Of course, there has to be some US connection, but recent history suggests that this division is more than willing to pursue cases when there is not exactly a great deal of connectivity. That could include a scenario whereby the company uses a US bank or has a small US subsidiary.
“Even if a company is 95 per cent foreign the division is willing to go after the 5 per cent US connection,” confirms Bennett.
That has implications for all international firms. Clearly, at least as far as the disputes practice goes, it will also be a central plank of the rationale for any Lovells/ Hogan merger negotiations that may - or may not - be taking place.
The debatable shift in the balance of power in the US from New York to DC, thanks to increasing regulation and the US government’s willingness to step in, will inevitably have an impact on law firms.
“Forty per cent of my matters have an international aspect,” says Bennett.
Of course, the merger is far from a done deal. And even if it does go ahead there are plenty of examples of failed deals to suggest that all might not be plain sailing.

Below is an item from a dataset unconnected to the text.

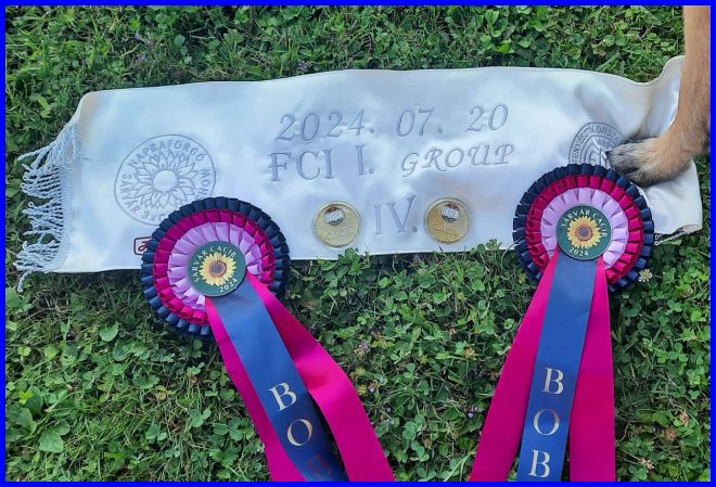 Am zweiten Tag, dem 20.07.2024, habt ihr Beide wieder alles gegeben und wurdet erneut mit V1, CACIB, CAC und BOB belohnt! Das kann man nicht mehr toppen...DOCH kann man! Elli bekam im Ehrenring den 4. Platz der FCI Gruppe 1!!! Ich platze gerade vor Stolz1
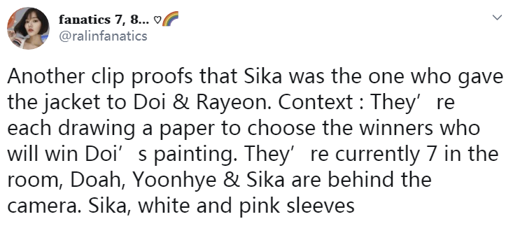 “直播現場當時有7個人,Doah, Yoonhye 和 Sika都在鏡頭外,Sika的袖子是粉白相間的。”

As KermaPartners consultant Friedrich Blase puts it: “It’s an interesting debate as to whether a strength-strength combination is better than a strength-weakness combination. The former can lead to conflicts and partner departures at the top end. The latter either never pays off - because firms fail to do what’s necessary for that, especially on the transatlantic scene - or comes with a lateral hiring spree after the merger to upgrade the complement on the weak side.”
Even so, the current thinking is that Hogan’s management will be “cock-a-hoop”, as one London recruitment consultant puts it, if it manages to secure the largest high-quality UK firm by revenue outside the magic circle - and one in which around 60 per cent of its lawyers are already outside the UK.